** COLLECTED DATA **

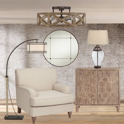 Possini Euro Design Moorcroft Modern Farmhouse Ceiling Light Semi Flush Mount Fixture 14 1/2″ Wide Dark Wood Bronze 6-Light Hexagon Frame For Bedroom
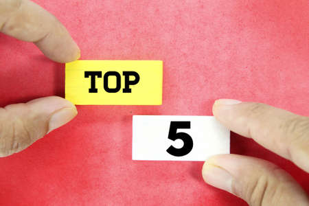 hand holding a wooden cube with the word Top 5
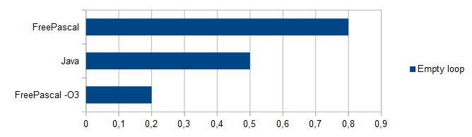 Не знаю почему, но выполнение пустого цикла - единственная задача, с которой код на Java справился быстрее, чем код на FPC (среди рассмотренных мною тестовых задач). Однако FPC с включённой оптимизацией третьего уровня всё-таки выполняет и эту задачу быстрее.

** EXERCISE PROMPT **
Copy the material shown above in full and exactly. Skip the pictures.

** EXERCISE SOLUTION **
 Possini Euro Design Moorcroft Modern Farmhouse Ceiling Light Semi Flush Mount Fixture 14 1/2″ Wide Dark Wood Bronze 6-Light Hexagon Frame For Bedroom
 hand holding a wooden cube with the word Top 5
 Не знаю почему, но выполнение пустого цикла - единственная задача, с которой код на Java справился быстрее, чем код на FPC (среди рассмотренных мною тестовых задач). Однако FPC с включённой оптимизацией третьего уровня всё-таки выполняет и эту задачу быстрее.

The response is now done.